If you enter an arbitrary password, it may have a negligible change to have the same password hash with the salt. If this occurs this is valid and you can enter the system.

I will not call it an incorrect password, rather call another pre-image for the $h$. Apart from brute force (and rainbow tables where salt prevents this), this is the attack that needs to be performed by the attackers. This attack actually a pre-image attack;

  • Given a hash value $h$ find and input such $m$ that $h = hash(m)$. The generic cost of this attack is $\mathcal{O}(2^n)$ for $n$-bit hash functions (passord hashing or cryptographic hash functions)

The weakest point in password cracking is the human factor. Humans tend to have weak passwords and currently one of the good methods is the dicewire. Use dicewire to generate your password, or better use a password manager where they generate truly random passwords and you keep your password database with your strong password generated by the dicewire.

but how does it work for preventing colliding passwords being used interchangeably?

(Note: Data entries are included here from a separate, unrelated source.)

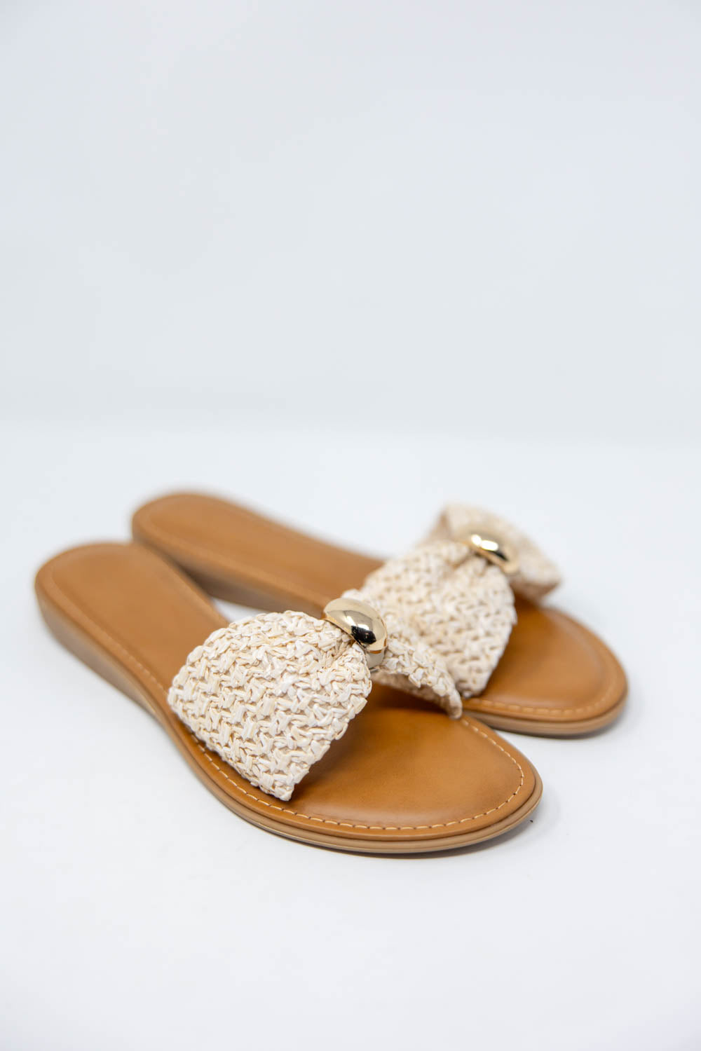 The Soft Twist Sandals is your easy answer to warm weather style. Designed true to size, it slips on effortlessly and feels comfortable from the first step. A padded vegan leather footbed cushions your stride, while the barely there wedge gives you subtle lift without sacrificing comfort. The flexible mesh jute upper keeps things breathable, and the gathered detail with a gold bead adds just the right touch of polish. Lightweight, flattering, and simple to style, this is the sandal you will reach for all season.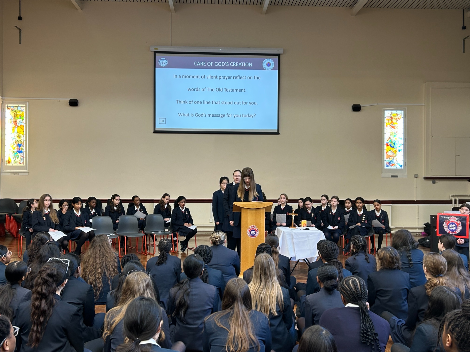 Throughout the assembly, students reflected on the message from Genesis 2:15, where God entrusts humanity with the responsibility to “work and take care” of the world. They explored how caring for creation is not only about looking after nature, but also about treating each other with dignity, respect, and kindness, recognising that every person is made in the image and likeness of God.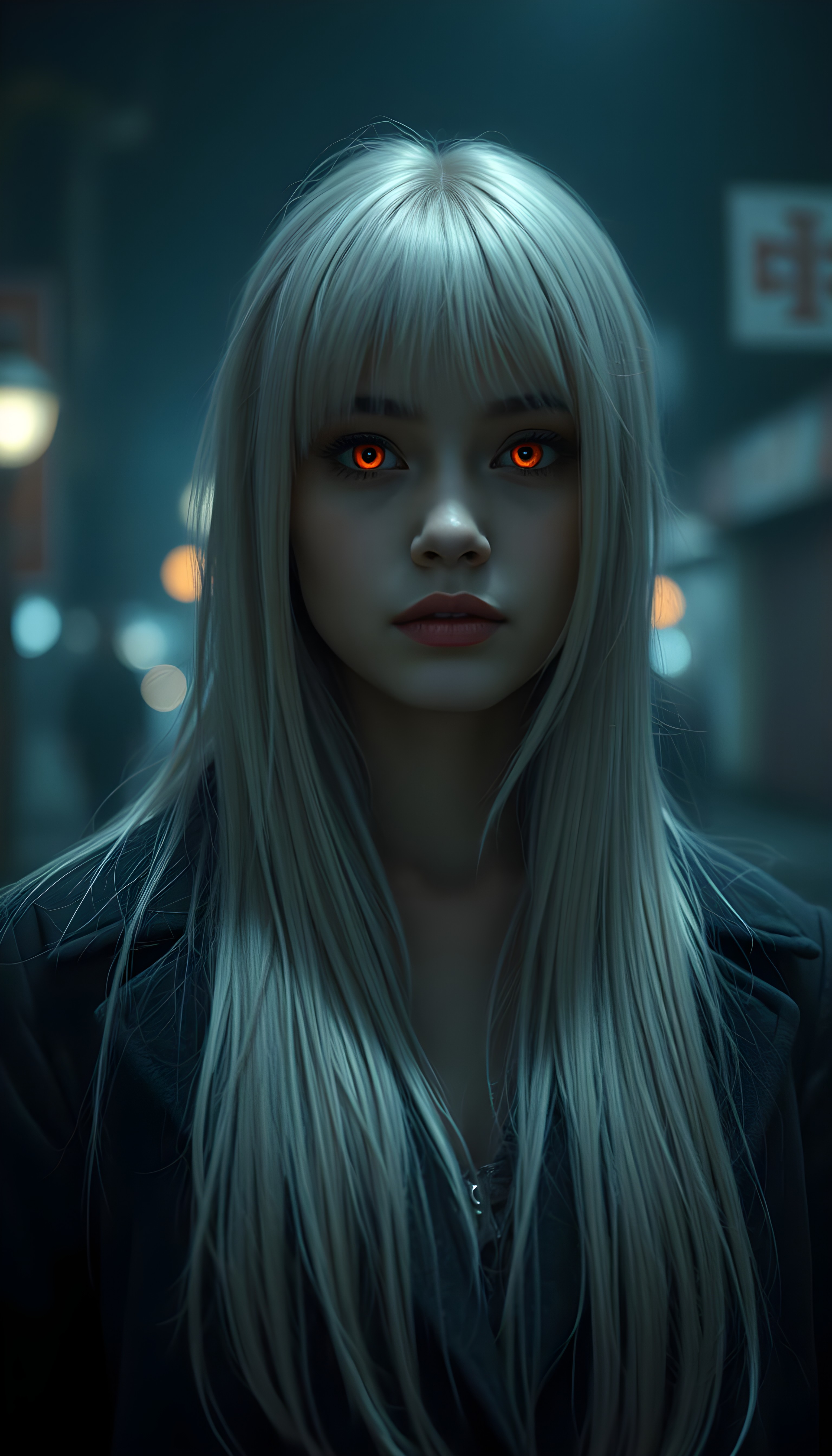 A girl stands in a nightly fogy street. A very detailed and emotional image. The girl has long, straight white hair. She is wearing a long, dark coat. View from the front. Her face is flawless. Her eyes glow red like a vampire.

You can't prevent it, it exists by the pigeonhole principle. Rather the password hashing algorithm by design is secure against it, even you used simply MD5. MD5 is still secure against pre-image attacks, you will have ~128-bit pre-image resistance. Of course, one needs to use modern hashing algorithms, like Argon2.

in other words, are these techniques the reason incorrect pass won't let you in or is it non-working anyway?

This is how it works, it will always work. Keep in mind that, you will have a probability of $\dfrac{1}{2^{128}}$ for a random single password that matches your password's hash ( assuming 128-bit output). If the probability of an event is $\geq \dfrac{1}{2^{100}}$ we simply say that it-is-not-going-to-happen.

Even if you fear this, use two-factor authentication systems, and actually one should use it whenever possible.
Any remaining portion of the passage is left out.